- _Task prompt_
When you reach the line below that has "Nach dem Essen", start returning lines exactly, and stop after the line that has "Metal tin beach"; skip the pictures.

- _Material shown_
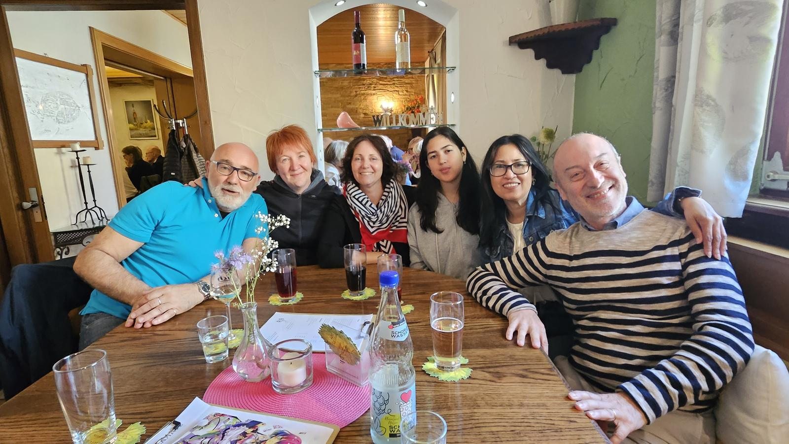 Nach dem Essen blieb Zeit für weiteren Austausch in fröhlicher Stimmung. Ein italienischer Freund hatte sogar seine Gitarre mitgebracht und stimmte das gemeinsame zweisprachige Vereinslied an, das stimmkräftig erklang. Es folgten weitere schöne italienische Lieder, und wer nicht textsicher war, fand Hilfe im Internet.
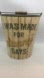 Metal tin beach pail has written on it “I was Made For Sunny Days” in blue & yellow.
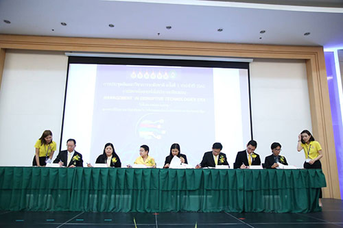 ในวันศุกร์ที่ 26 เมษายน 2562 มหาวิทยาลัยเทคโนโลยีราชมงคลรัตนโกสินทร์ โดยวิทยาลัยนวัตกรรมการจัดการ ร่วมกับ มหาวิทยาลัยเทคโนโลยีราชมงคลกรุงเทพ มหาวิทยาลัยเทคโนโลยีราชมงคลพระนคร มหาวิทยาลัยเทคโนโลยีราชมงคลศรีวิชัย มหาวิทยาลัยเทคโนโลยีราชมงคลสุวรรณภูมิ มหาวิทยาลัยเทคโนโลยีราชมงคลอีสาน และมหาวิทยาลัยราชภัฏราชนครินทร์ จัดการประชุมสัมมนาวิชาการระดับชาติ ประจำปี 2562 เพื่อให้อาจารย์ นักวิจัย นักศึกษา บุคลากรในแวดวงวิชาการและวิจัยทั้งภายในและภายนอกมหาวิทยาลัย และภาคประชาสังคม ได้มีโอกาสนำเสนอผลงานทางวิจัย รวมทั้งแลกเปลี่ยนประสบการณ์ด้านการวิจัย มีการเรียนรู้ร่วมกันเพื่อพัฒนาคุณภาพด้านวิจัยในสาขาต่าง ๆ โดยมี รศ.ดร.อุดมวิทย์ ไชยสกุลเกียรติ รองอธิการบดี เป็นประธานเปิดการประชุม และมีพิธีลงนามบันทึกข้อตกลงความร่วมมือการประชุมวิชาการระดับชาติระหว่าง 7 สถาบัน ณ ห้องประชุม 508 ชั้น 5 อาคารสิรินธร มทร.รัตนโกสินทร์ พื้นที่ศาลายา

---

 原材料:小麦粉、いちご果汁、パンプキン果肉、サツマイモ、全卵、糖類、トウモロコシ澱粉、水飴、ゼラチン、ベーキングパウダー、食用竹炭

- _Answer box_
 Nach dem Essen blieb Zeit für weiteren Austausch in fröhlicher Stimmung. Ein italienischer Freund hatte sogar seine Gitarre mitgebracht und stimmte das gemeinsame zweisprachige Vereinslied an, das stimmkräftig erklang. Es folgten weitere schöne italienische Lieder, und wer nicht textsicher war, fand Hilfe im Internet.
 Metal tin beach pail has written on it “I was Made For Sunny Days” in blue & yellow.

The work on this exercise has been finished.